■ TASK OBJECTIVE
Give back exactly the lines that start at the one containing "Нет существенной разницы" and run to the end of the material, leaving out the pictures.

*** Opening INPUT DATA ***

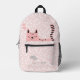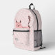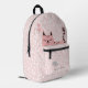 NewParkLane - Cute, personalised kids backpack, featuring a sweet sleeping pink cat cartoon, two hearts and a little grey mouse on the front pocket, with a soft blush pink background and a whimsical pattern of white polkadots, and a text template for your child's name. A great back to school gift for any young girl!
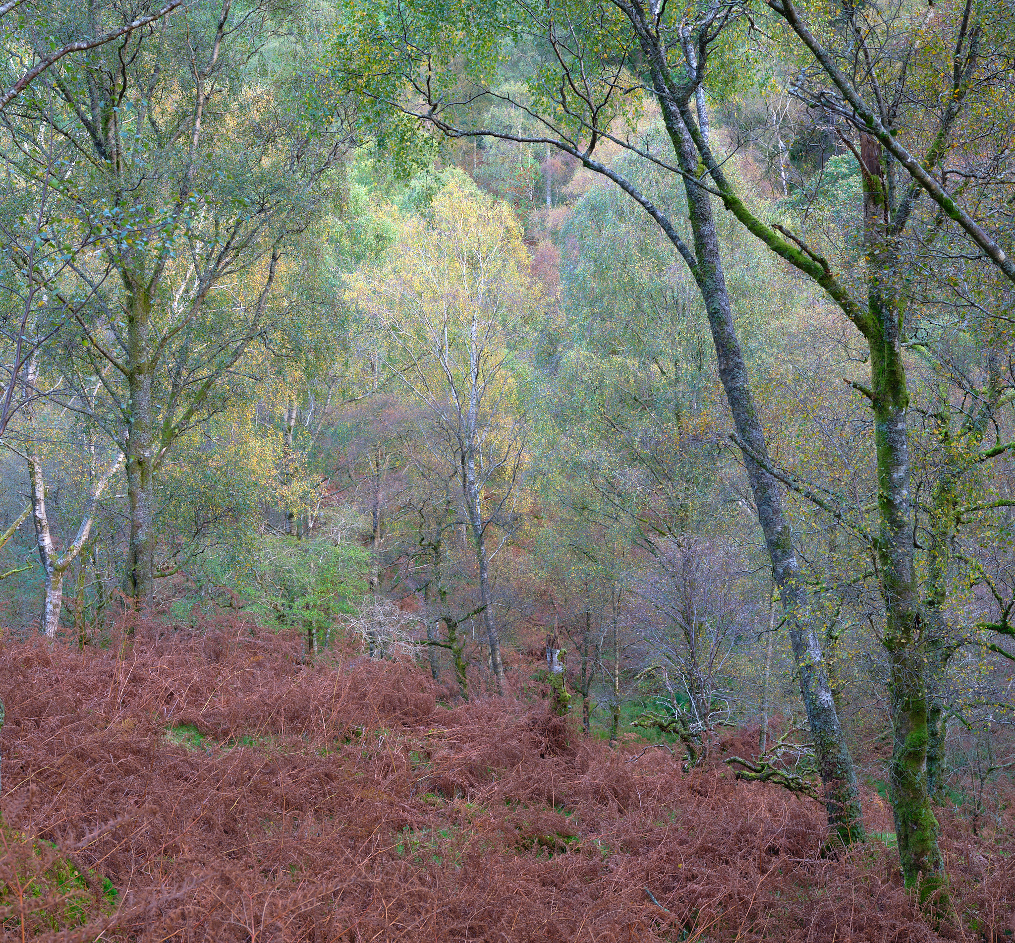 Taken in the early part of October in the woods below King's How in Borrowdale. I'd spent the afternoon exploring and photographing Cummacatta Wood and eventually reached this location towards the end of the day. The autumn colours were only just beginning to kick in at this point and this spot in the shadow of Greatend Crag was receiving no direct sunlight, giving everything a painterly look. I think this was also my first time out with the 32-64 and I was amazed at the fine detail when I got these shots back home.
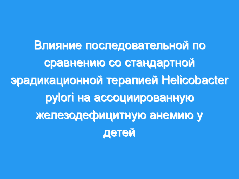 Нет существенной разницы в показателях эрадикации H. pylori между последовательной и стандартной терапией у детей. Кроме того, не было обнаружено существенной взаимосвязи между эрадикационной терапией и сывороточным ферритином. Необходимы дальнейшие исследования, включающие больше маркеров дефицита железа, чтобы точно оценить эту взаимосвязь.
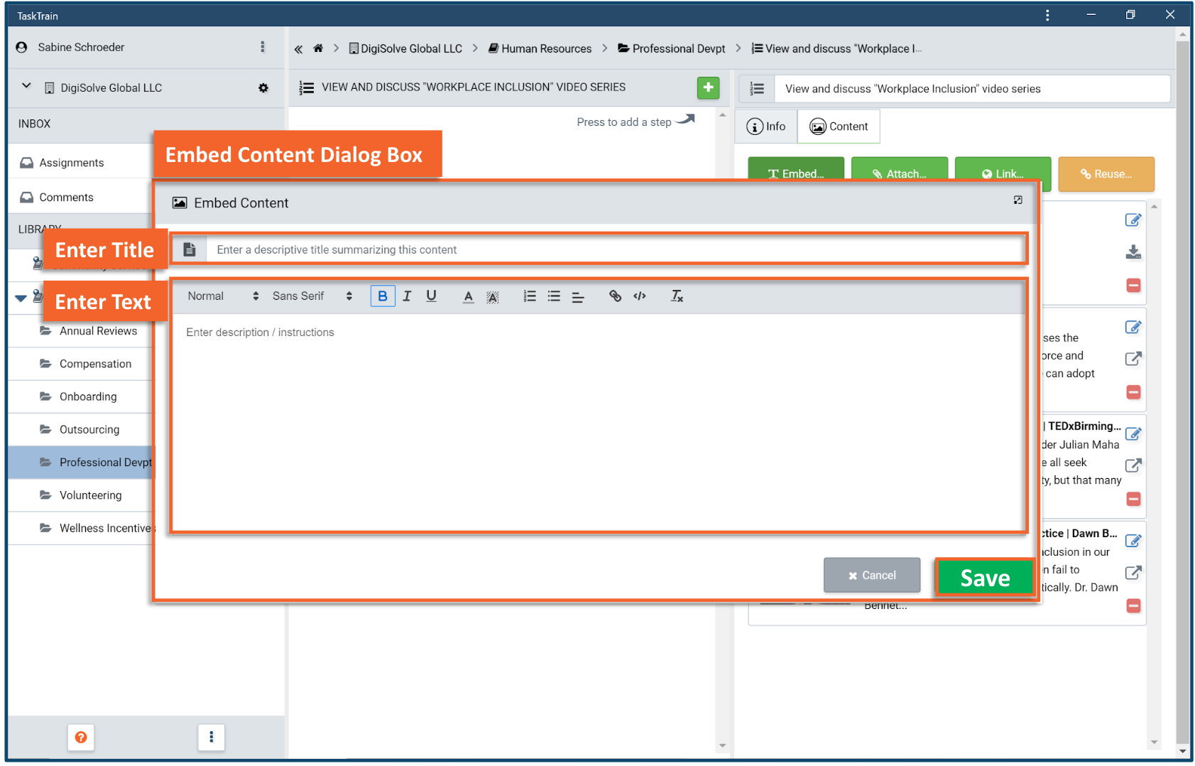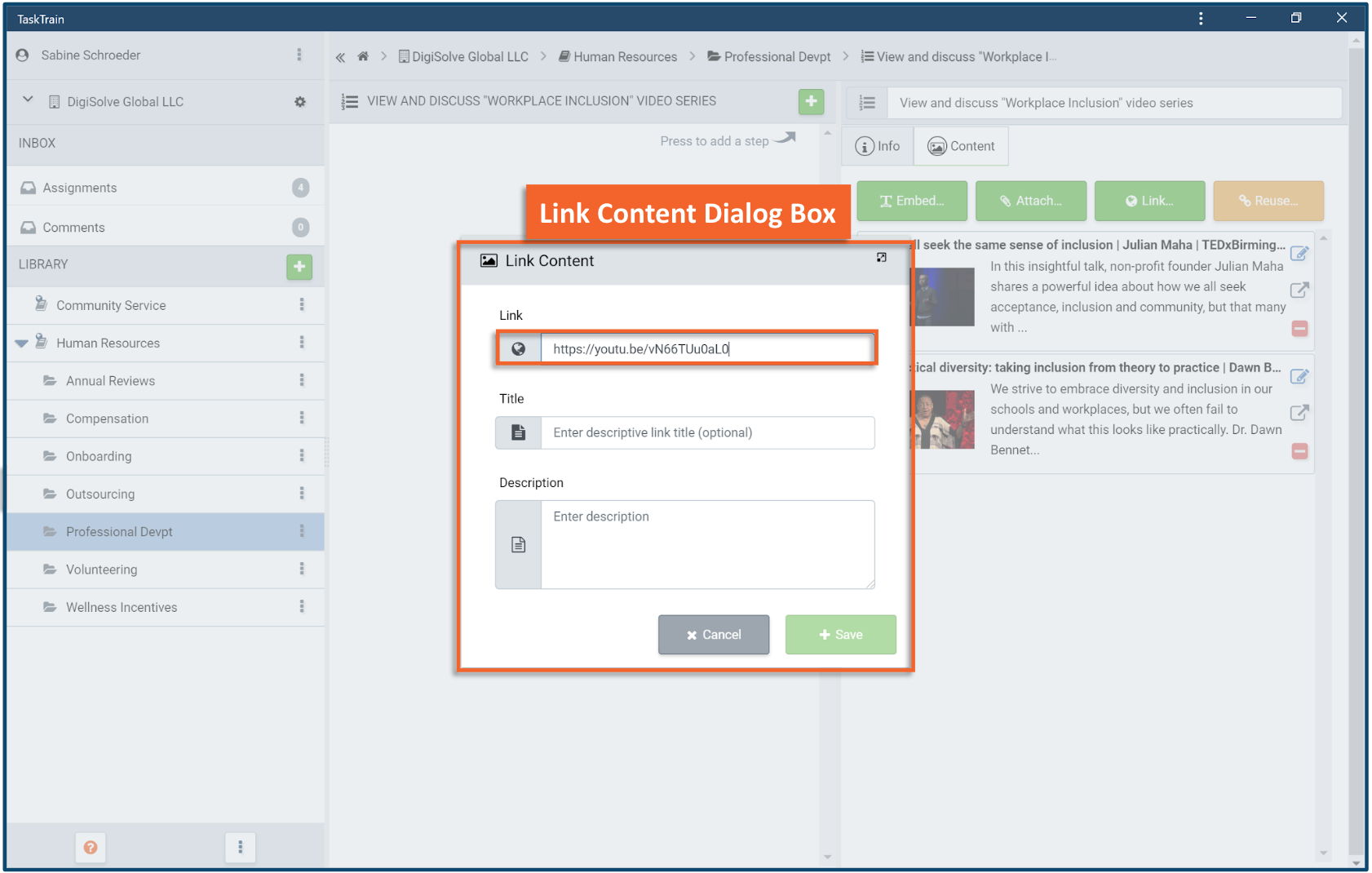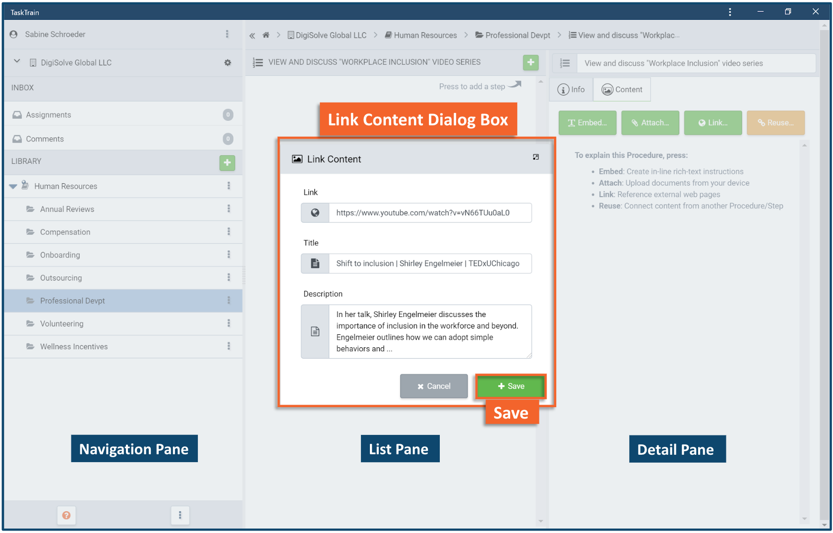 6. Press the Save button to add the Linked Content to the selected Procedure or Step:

*** Closing INPUT DATA ***

■ SOLUTION TO THIS PROBLEM
 Нет существенной разницы в показателях эрадикации H. pylori между последовательной и стандартной терапией у детей. Кроме того, не было обнаружено существенной взаимосвязи между эрадикационной терапией и сывороточным ферритином. Необходимы дальнейшие исследования, включающие больше маркеров дефицита железа, чтобы точно оценить эту взаимосвязь.
 6. Press the Save button to add the Linked Content to the selected Procedure or Step:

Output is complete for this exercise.